### Dataset excerpts
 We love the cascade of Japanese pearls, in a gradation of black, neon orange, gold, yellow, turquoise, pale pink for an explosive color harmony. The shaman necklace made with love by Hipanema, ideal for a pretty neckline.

* * *

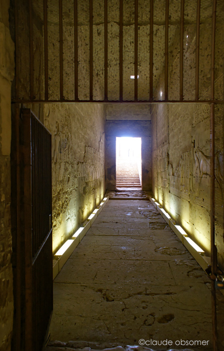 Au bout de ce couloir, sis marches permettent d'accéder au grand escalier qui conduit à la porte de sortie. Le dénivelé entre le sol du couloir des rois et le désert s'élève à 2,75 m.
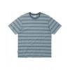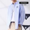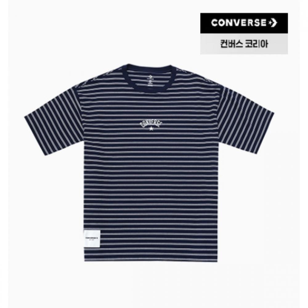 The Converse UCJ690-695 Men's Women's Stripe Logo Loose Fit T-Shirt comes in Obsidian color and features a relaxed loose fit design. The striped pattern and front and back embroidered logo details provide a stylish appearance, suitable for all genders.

### Problem statement
Within these entries, output exactly the lines starting at the one with "Au bout de ce" and finishing at the one with "The Converse UCJ690-695". Leave pictures out of the output.

### Response to the task
 Au bout de ce couloir, sis marches permettent d'accéder au grand escalier qui conduit à la porte de sortie. Le dénivelé entre le sol du couloir des rois et le désert s'élève à 2,75 m.
 The Converse UCJ690-695 Men's Women's Stripe Logo Loose Fit T-Shirt comes in Obsidian color and features a relaxed loose fit design. The striped pattern and front and back embroidered logo details provide a stylish appearance, suitable for all genders.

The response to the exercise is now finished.